In the summer of 2024, I reported on an online community that nailed down the precise value of a number called BB(5) — the first big breakthrough in 50 years on an old problem in theoretical computer science known as the busy beaver game. BB(5), now known to be 47,176,870, is the fifth of the so-called busy beaver numbers, which measure the complexity of the craziest computations that simple computer programs can complete.
The next step in this idiosyncratic research effort is to identify the sixth busy beaver number BB(6), and there has been some notable progress on that front — I wrote a follow-up story about it a few months ago. But busy beaver researchers don’t expect to nail down the true value of BB(6) any time soon. That’s because doing so would require them to understand the behavior of a program with the awesome name “Antihydra,” which resembles a longstanding open problem in mathematics called the Collatz conjecture. A twitter user sharing my first busy beaver story summed up this state of affairs more succinctly:
One caveat: “encodes the Collatz conjecture” isn’t quite true, as we’ll see later.
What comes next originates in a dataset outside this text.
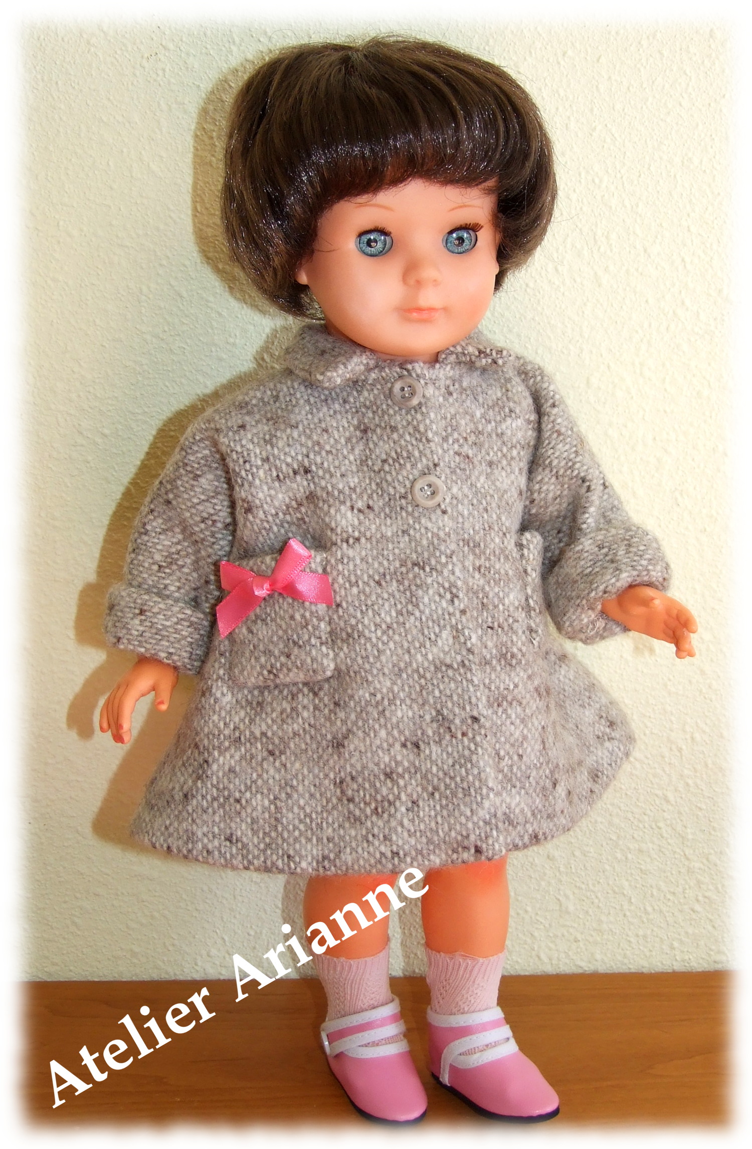 Manteau Sylvette pour poupée Modes et Travaux Poupée : Louise , Marie – Françoise, Louise, et Francette Taille : 39 / 40 cm 1 pièce : le manteau Couleur : beige camel Matériau : pure laine

Both of my stories alluded to the Antihydra barrier only very briefly. In this blog post I will explore it in more detail: What exactly is Antihydra, what is the Collatz conjecture, how are they connected, and what makes them so daunting?
Busy Beaver Basics
If you haven’t already read my two Quanta stories about the busy beaver game, I recommend doing so before reading further, mainly just because they’re both really fun! Here I’ll recap how the busy beaver game works so that we’re all on the same page.
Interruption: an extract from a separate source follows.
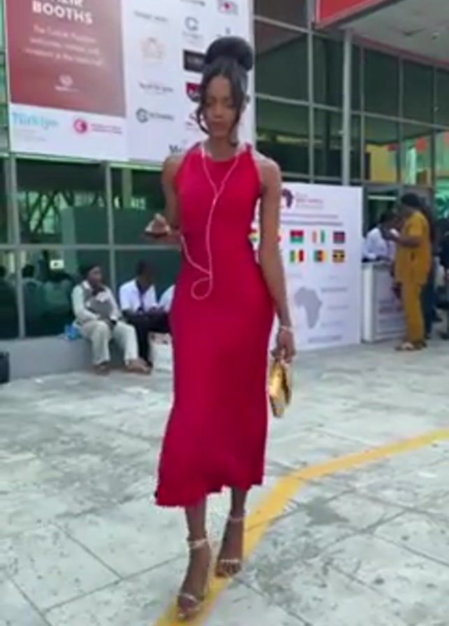 woman in a red dress and gold heels walking outside a building. She has a gold clutch purse in her left hand, and a cell phone in her right. She pauses, turning slightly toward the camera, and smiles. Behind her, there are people sitting and standing in front of a sign that reads "West Africa" with maps and flags of several countries. There is another sign that says "Explore the leading companies of Turkiye at their booths". Behind the woman is a building with mirrored windows and a black SUV. The ground is paved with interlocking concrete pavers.

I wrote above that the busy beaver numbers “measure the complexity of the craziest computations that simple computer programs can complete.” To define them more precisely, we first need a mathematical framework for gauging the complexity of computer programs themselves, to decide which ones are “simple.” Then we need a way to quantify the complexity of computations — what computer programs do — so that we can identify the craziest ones.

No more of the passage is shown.